_Required action:_ Nothing but the lines below from the one that contains "Semi-rigid choker necklace" through the one that contains "A pastel pink" should be retyped, exactly and including both ends. Do not include pictures.

*** Opening Material to process ***

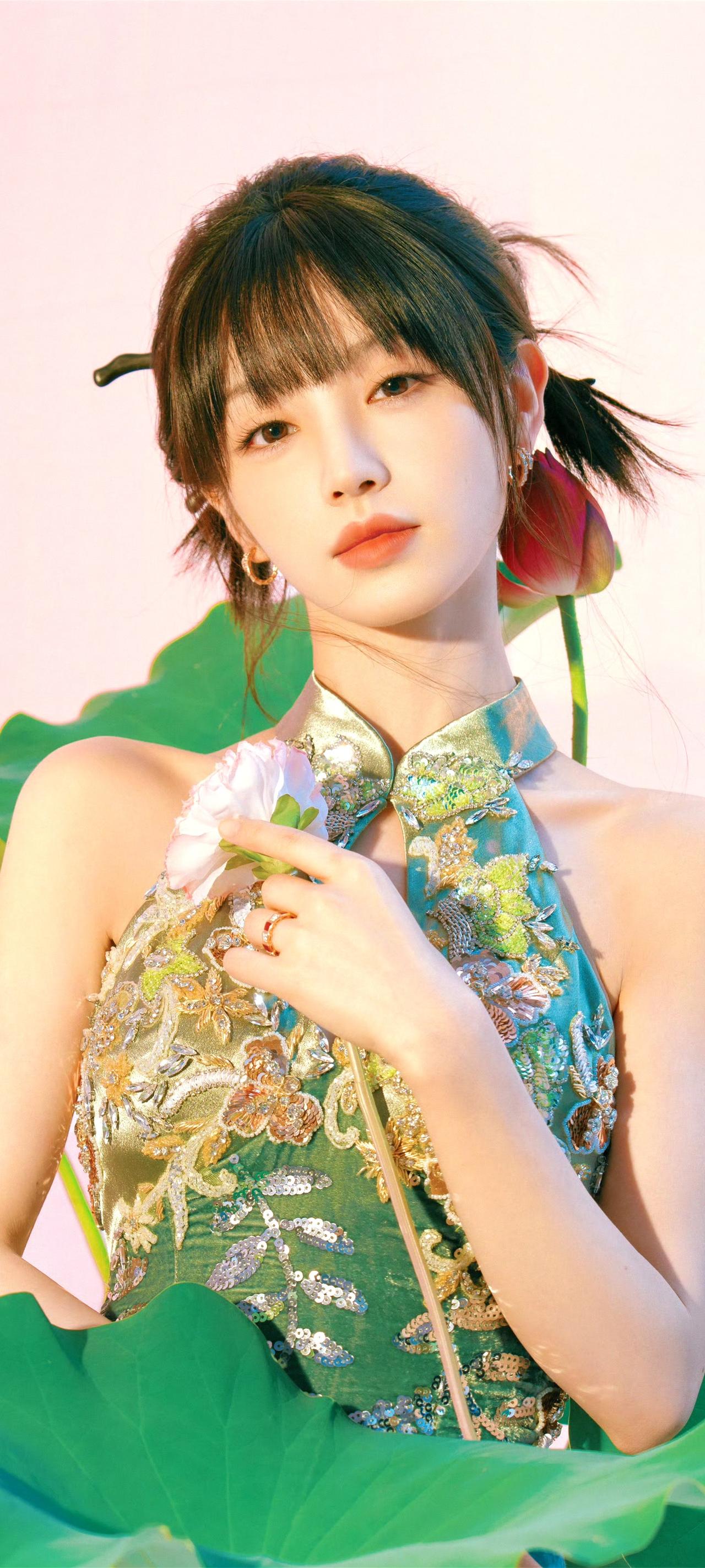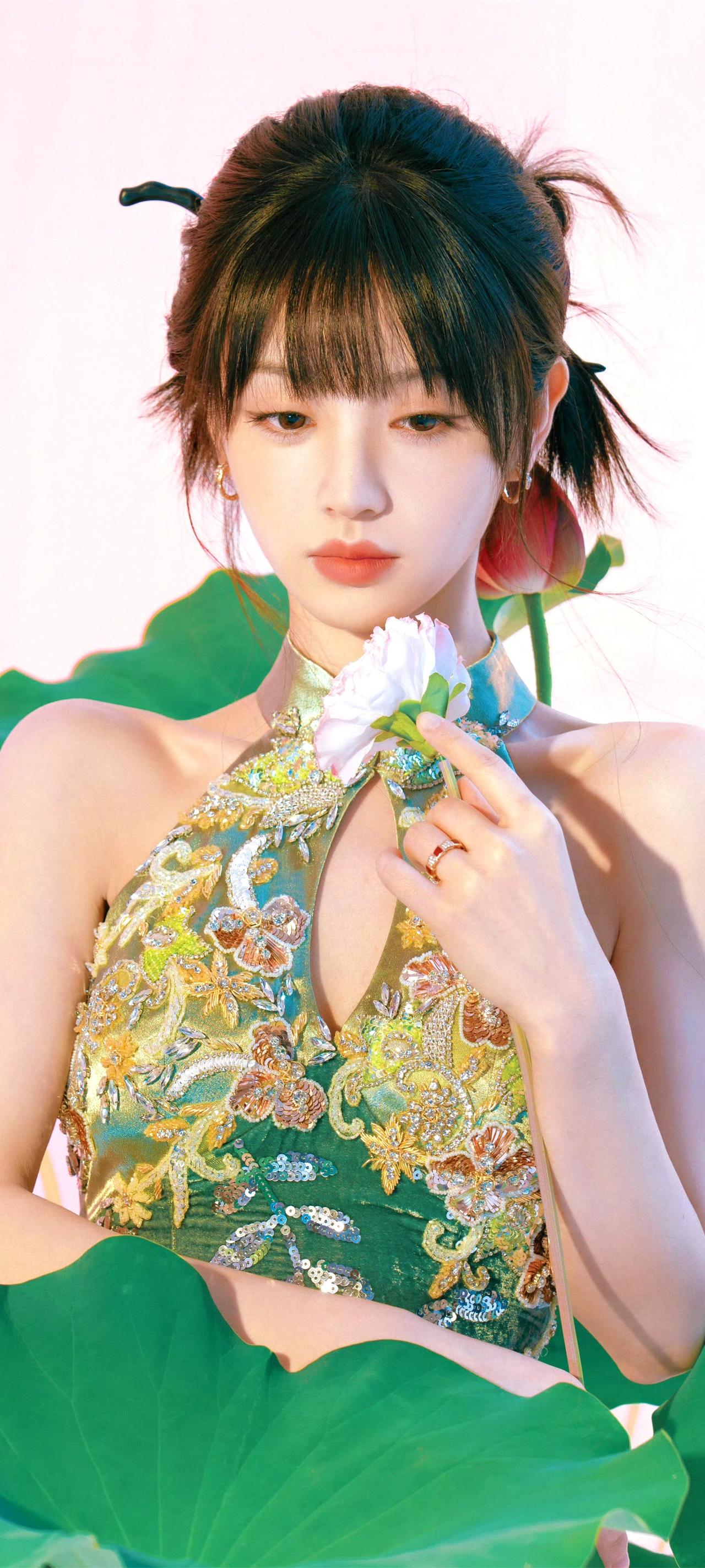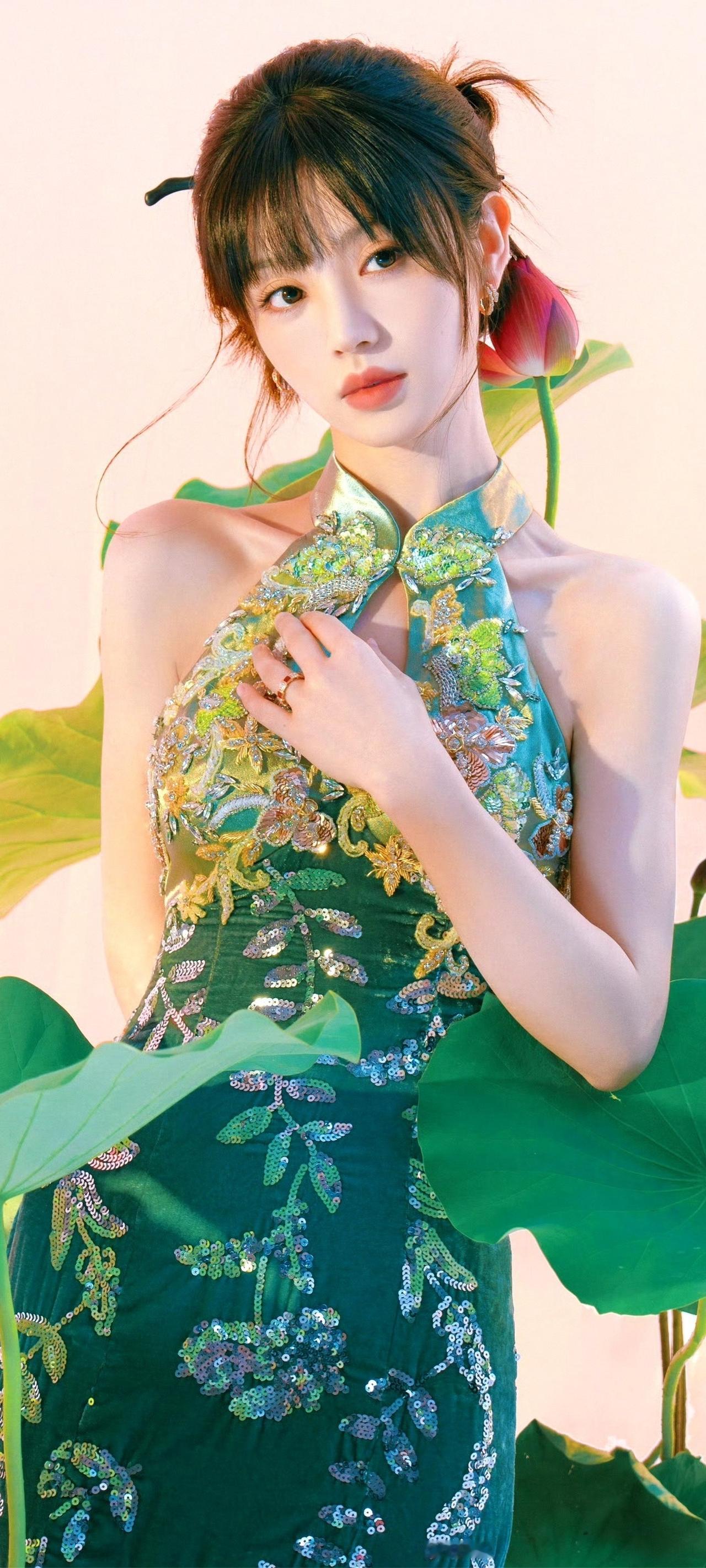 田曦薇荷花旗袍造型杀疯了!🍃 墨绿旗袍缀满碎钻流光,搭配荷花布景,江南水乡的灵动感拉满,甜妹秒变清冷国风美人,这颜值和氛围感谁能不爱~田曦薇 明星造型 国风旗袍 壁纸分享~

*** Closing Material to process ***
*** Opening Material to process ***

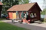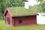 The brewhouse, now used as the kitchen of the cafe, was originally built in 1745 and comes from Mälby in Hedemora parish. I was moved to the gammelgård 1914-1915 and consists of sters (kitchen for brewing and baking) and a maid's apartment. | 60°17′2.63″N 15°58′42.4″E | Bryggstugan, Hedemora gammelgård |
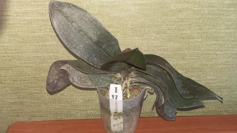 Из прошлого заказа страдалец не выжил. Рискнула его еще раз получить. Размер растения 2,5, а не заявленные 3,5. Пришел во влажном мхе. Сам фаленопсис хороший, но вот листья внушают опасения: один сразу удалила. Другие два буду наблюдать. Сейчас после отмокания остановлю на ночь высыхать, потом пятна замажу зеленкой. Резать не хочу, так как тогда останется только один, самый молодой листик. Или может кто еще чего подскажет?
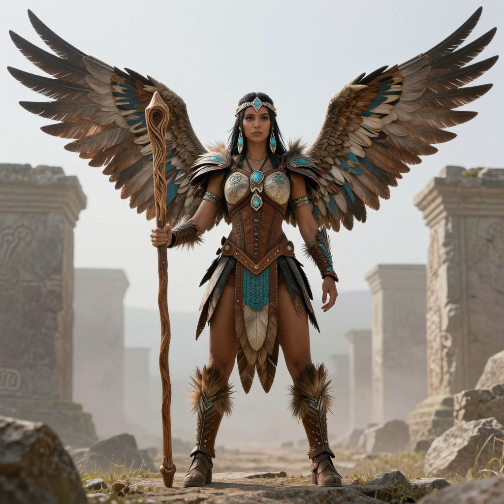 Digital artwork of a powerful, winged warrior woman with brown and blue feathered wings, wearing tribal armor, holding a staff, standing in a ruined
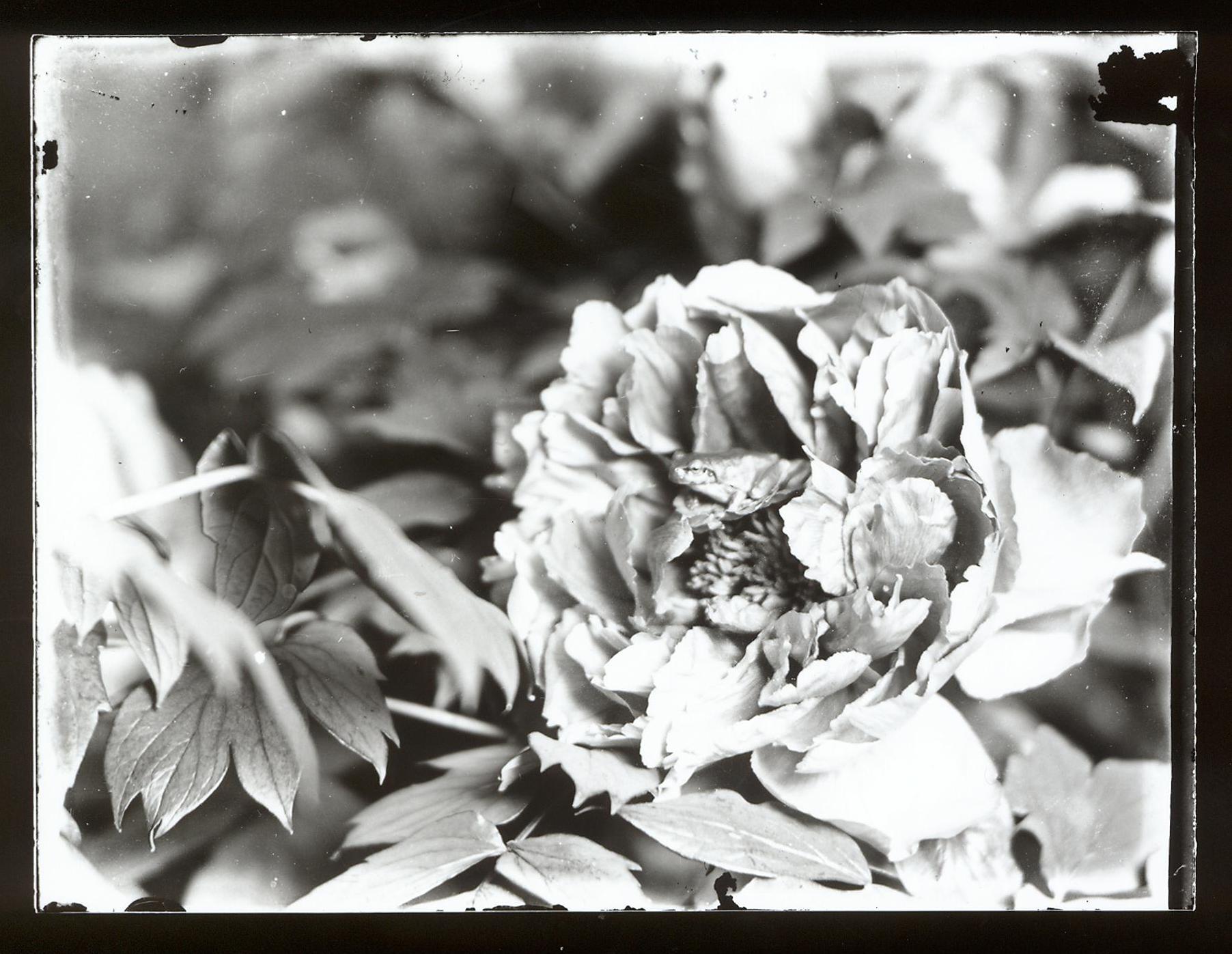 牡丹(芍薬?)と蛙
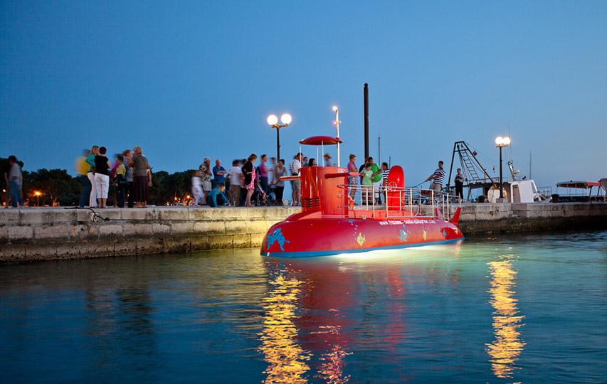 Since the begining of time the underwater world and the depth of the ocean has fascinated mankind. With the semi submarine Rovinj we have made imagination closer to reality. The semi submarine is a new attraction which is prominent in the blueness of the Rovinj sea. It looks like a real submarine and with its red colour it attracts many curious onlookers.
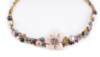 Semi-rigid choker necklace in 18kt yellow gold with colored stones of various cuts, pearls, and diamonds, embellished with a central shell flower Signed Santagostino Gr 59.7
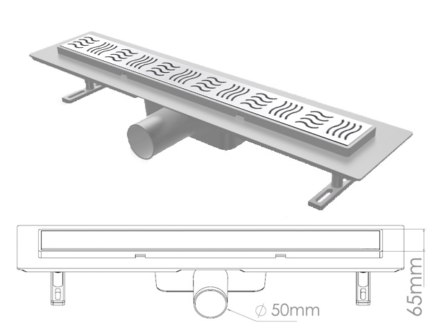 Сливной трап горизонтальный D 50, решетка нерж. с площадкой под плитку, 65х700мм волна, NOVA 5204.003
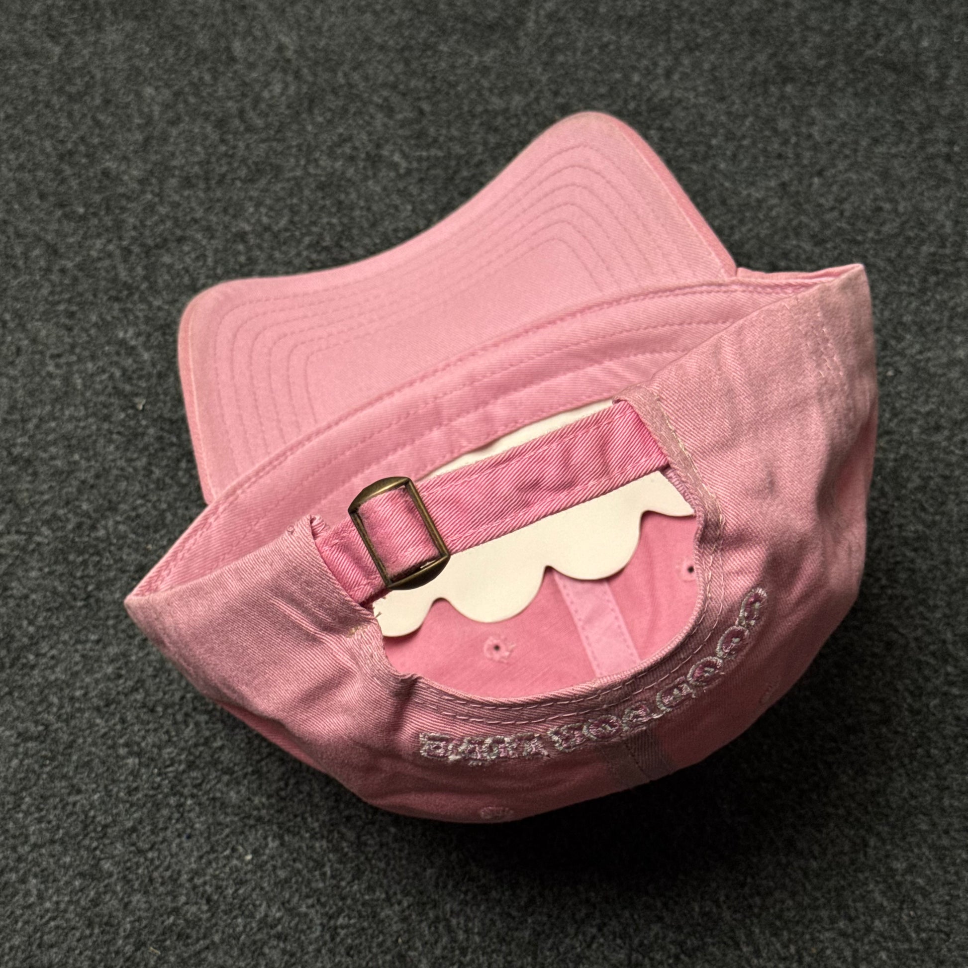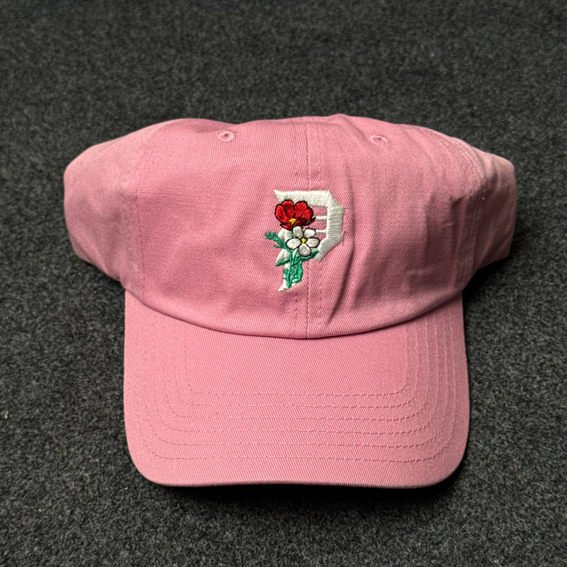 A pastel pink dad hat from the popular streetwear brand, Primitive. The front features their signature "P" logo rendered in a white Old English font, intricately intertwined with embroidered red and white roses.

*** Closing Material to process ***

_Problem solution:_
 Semi-rigid choker necklace in 18kt yellow gold with colored stones of various cuts, pearls, and diamonds, embellished with a central shell flower Signed Santagostino Gr 59.7
 Сливной трап горизонтальный D 50, решетка нерж. с площадкой под плитку, 65х700мм волна, NOVA 5204.003
 A pastel pink dad hat from the popular streetwear brand, Primitive. The front features their signature "P" logo rendered in a white Old English font, intricately intertwined with embroidered red and white roses.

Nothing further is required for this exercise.